Decades in prison for Shrewsbury Walmart robber shot by trooper
The man who robbed a Shrewsbury Walmart with a sawed-off shotgun, then pointed the weapon at a state trooper as he was fleeing, will likely die in prison.
Thomas Markowski, 61, appeared in York County Court on Monday, Aug. 26, and was sentenced to 24½ to 49 years in state prison by presiding Common Pleas Judge Harry M. Ness.
Markowski will receive credit for the 1,168 days he has spent locked up as he awaited trial and sentencing.
Ness said "there's no doubt in my mind" Markowski intended to endanger the lives of everyone inside the store.
Markowski was shot by state police Trooper Darrio Parham just inside the Walmart after he pointed his shotgun toward the trooper, security video of the encounter showed.
His defense attorney, Bill Graff, reminded the judge that Markowski maintains he didn't intend to shoot Parham and asked for mercy for his client.

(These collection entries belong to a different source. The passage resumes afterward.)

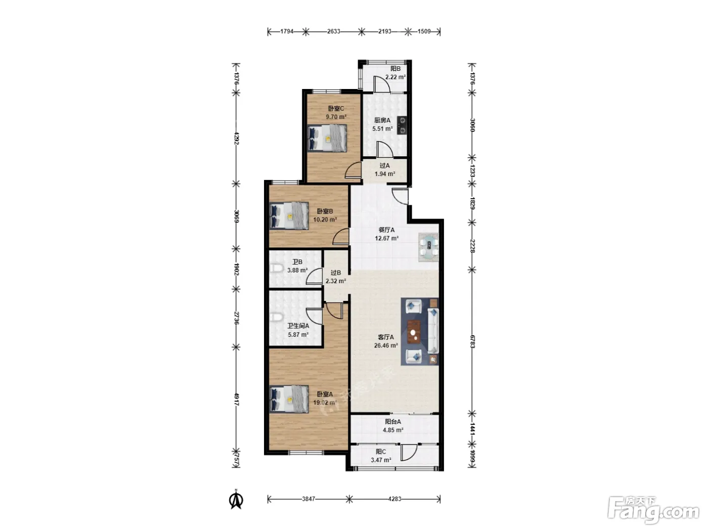 户型介绍:三居室 南北通透 户型好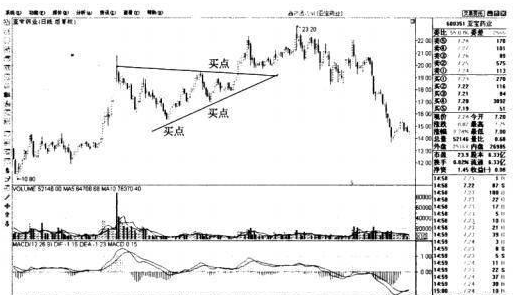 (2)成交量逐漸萎縮,在整理的尾端才逐漸放大并以巨量沖破頂與頂的連線。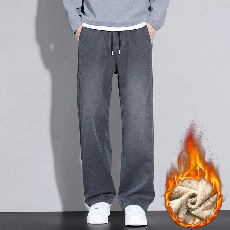 Winter Thick Warm Sweatpants Men Fleece Liner Drawstring Straight Loose Track Pants Male Casual Retro wash Thermal street Wide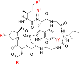 | Amaninamide | OH | OH | NH2 | H | OH | Dihyile–Trp–Gly–Ile–Gly–Cys–Asn–Hypro | |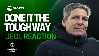 Oliver Glasner reacts after Palace’s 2-2 draw sends them into the Conference League Play-Offs 💪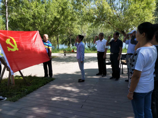李静同志带领全体党员重温了入党誓词。参加活动的老党员佩戴党员徽章,面向党旗,庄严地重温入党誓词。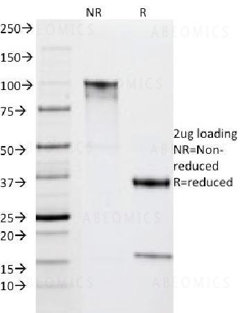 Fig. 1: SDS-PAGE Analysis Purified HLA-DRA Mouse Monoclonal Antibody (IPO-10). Confirmation of Integrity and Purity of Antibody.

But Ness reminded the defendant that video of the incident showed Markowski's finger was on the trigger of the shotgun he had modified specifically to rob the Shrewsbury Walmart of fentanyl on April 7, 2016. And after Parham shoved the barrel to the side, the shotgun fired, the judge noted.
'Ouch': Chief deputy prosecutor Chuck Murphy requested Markowski be sentenced to 25 to 50 years, causing Graff to respond by saying, "Ouch."
Markowski did not speak on his own behalf at sentencing.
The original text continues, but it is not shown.